- [What you are asked to do]: Beginning at the line that contains "बालों में वेव्स" and finishing at the line that contains "Ръчно изработено декоративно", output the data below exactly. Include both end lines and no pictures.

- [Materials provided]:
------------------------------

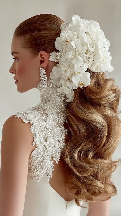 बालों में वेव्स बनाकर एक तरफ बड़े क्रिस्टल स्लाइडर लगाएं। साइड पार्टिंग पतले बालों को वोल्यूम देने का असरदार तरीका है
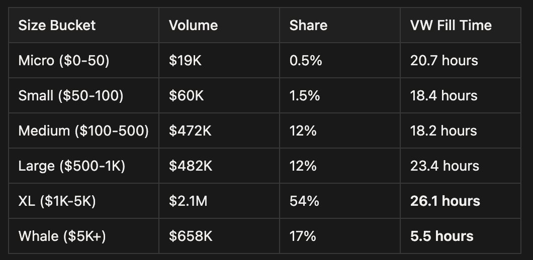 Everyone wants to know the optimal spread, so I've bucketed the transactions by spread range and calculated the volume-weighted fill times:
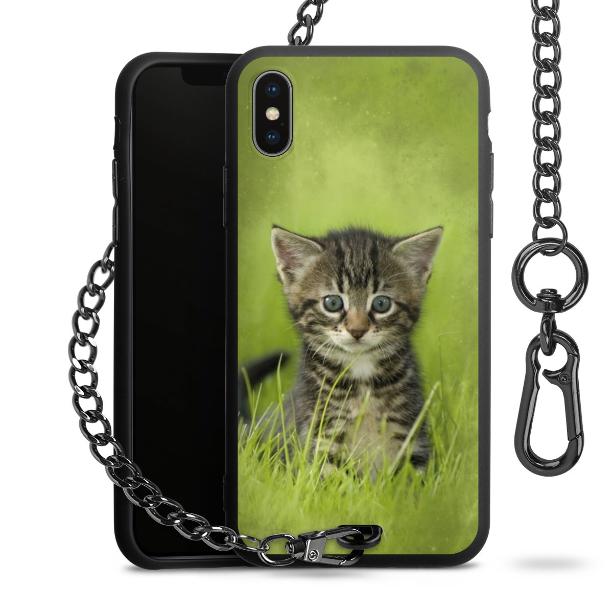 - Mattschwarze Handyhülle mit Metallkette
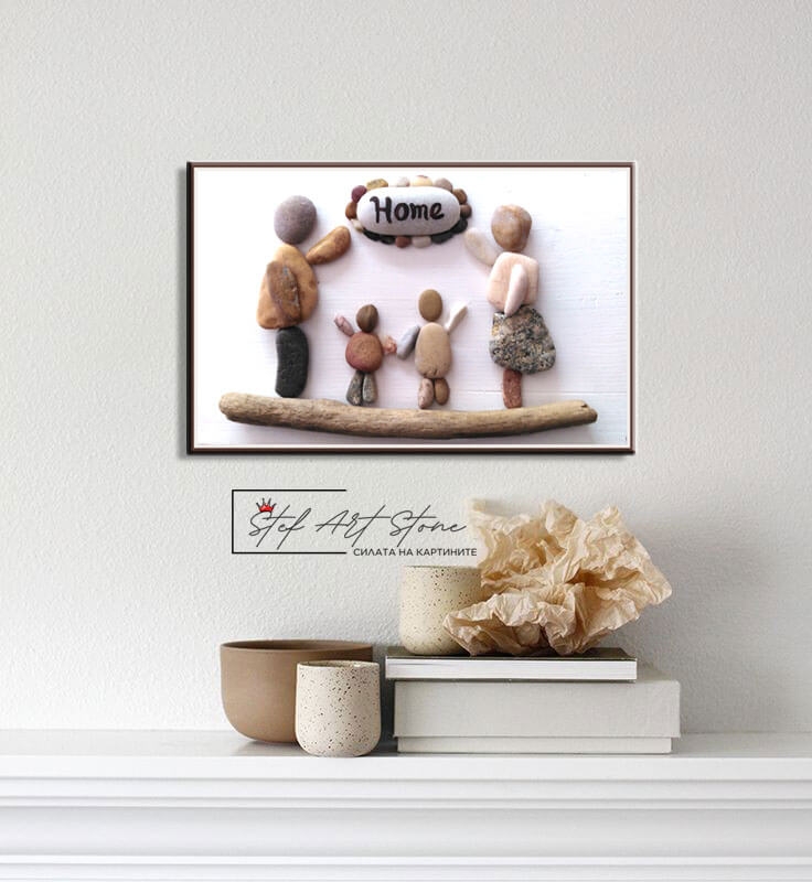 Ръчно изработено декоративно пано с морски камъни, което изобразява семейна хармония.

------------------------------

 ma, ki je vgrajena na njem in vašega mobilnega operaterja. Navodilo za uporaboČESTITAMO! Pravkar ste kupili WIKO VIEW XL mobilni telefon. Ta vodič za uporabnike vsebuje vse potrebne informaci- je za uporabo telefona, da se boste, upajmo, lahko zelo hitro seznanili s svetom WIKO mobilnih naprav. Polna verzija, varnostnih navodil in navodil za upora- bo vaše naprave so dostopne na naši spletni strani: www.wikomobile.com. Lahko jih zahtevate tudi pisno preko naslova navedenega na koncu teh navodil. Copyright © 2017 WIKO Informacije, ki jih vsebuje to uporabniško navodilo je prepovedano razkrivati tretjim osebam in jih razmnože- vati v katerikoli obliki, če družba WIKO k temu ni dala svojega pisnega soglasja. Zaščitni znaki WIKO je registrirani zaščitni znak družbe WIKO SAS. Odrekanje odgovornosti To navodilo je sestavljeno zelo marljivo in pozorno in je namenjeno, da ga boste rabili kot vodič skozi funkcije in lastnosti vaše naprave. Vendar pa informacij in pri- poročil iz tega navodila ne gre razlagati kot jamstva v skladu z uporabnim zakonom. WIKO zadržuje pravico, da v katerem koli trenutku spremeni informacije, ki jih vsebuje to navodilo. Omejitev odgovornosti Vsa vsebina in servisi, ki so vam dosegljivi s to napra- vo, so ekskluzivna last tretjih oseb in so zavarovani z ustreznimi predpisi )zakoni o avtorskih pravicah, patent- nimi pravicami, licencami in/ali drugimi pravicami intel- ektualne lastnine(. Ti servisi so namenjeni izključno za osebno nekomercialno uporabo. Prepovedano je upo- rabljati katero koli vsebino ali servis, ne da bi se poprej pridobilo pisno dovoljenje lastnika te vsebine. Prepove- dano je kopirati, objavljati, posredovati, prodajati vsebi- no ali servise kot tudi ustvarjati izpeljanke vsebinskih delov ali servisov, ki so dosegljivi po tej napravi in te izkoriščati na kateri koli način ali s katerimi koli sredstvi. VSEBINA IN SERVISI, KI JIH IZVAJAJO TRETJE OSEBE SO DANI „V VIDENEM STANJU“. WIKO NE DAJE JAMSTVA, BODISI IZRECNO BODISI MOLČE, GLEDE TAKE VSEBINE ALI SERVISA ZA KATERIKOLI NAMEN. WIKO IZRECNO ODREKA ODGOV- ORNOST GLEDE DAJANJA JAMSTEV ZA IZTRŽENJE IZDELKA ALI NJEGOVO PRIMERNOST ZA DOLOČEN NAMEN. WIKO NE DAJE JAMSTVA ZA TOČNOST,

------------------------------

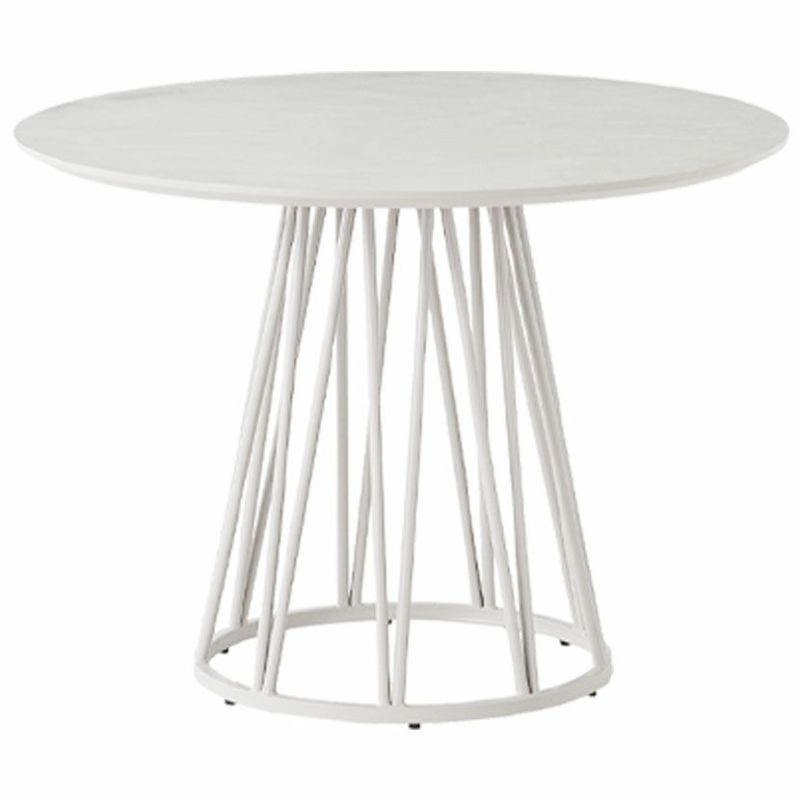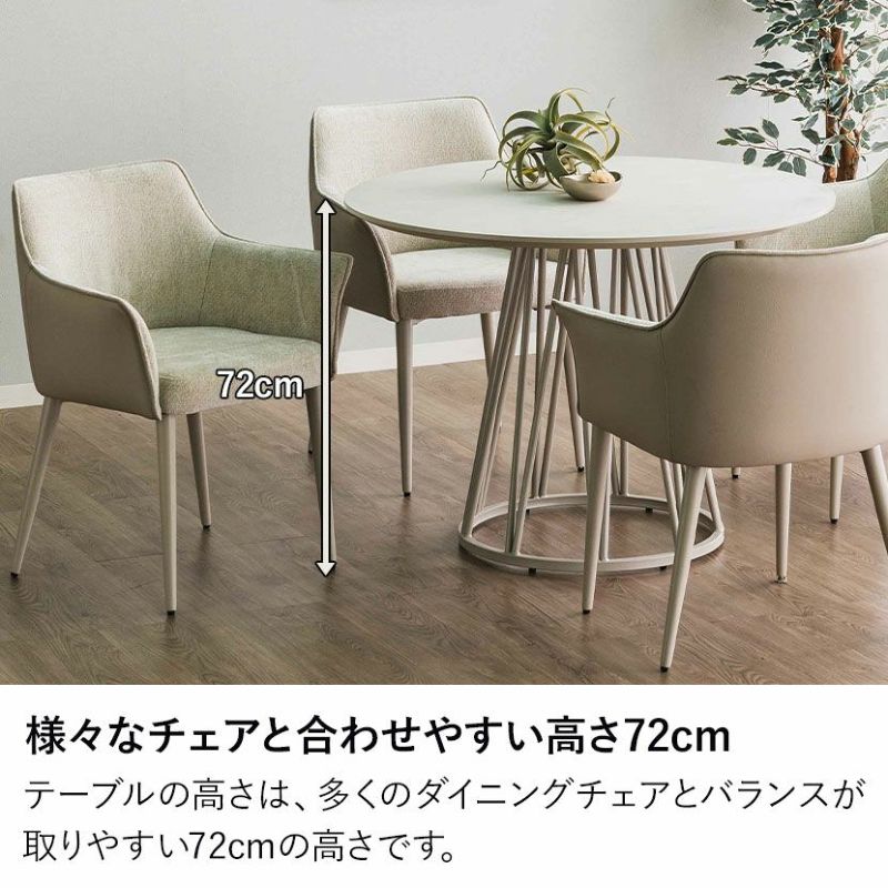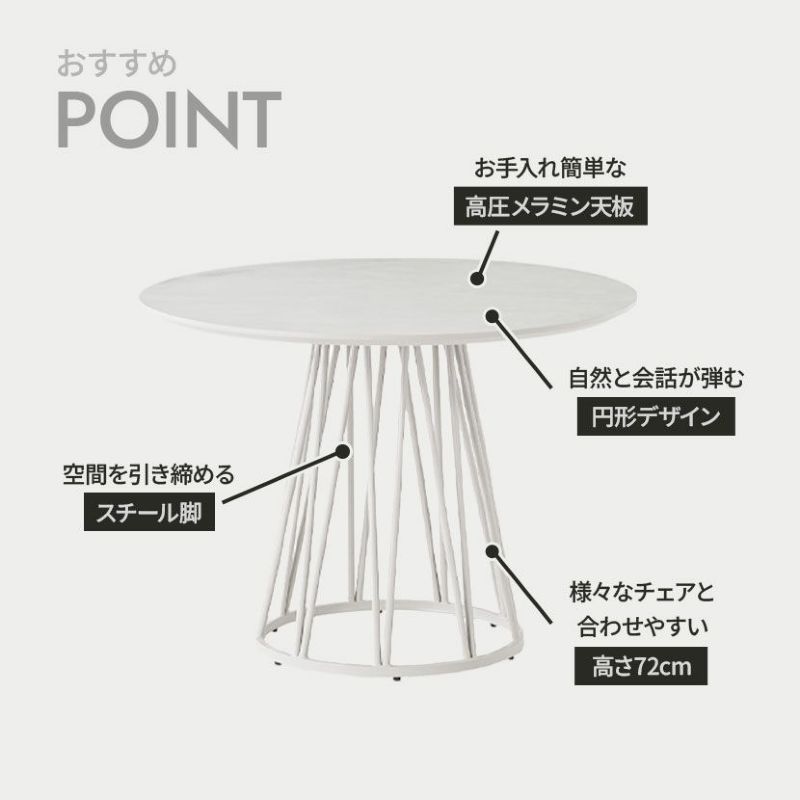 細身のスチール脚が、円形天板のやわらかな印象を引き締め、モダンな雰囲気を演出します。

------------------------------

- [Response to this task]:
 बालों में वेव्स बनाकर एक तरफ बड़े क्रिस्टल स्लाइडर लगाएं। साइड पार्टिंग पतले बालों को वोल्यूम देने का असरदार तरीका है
 Everyone wants to know the optimal spread, so I've bucketed the transactions by spread range and calculated the volume-weighted fill times:
 - Mattschwarze Handyhülle mit Metallkette
 Ръчно изработено декоративно пано с морски камъни, което изобразява семейна хармония.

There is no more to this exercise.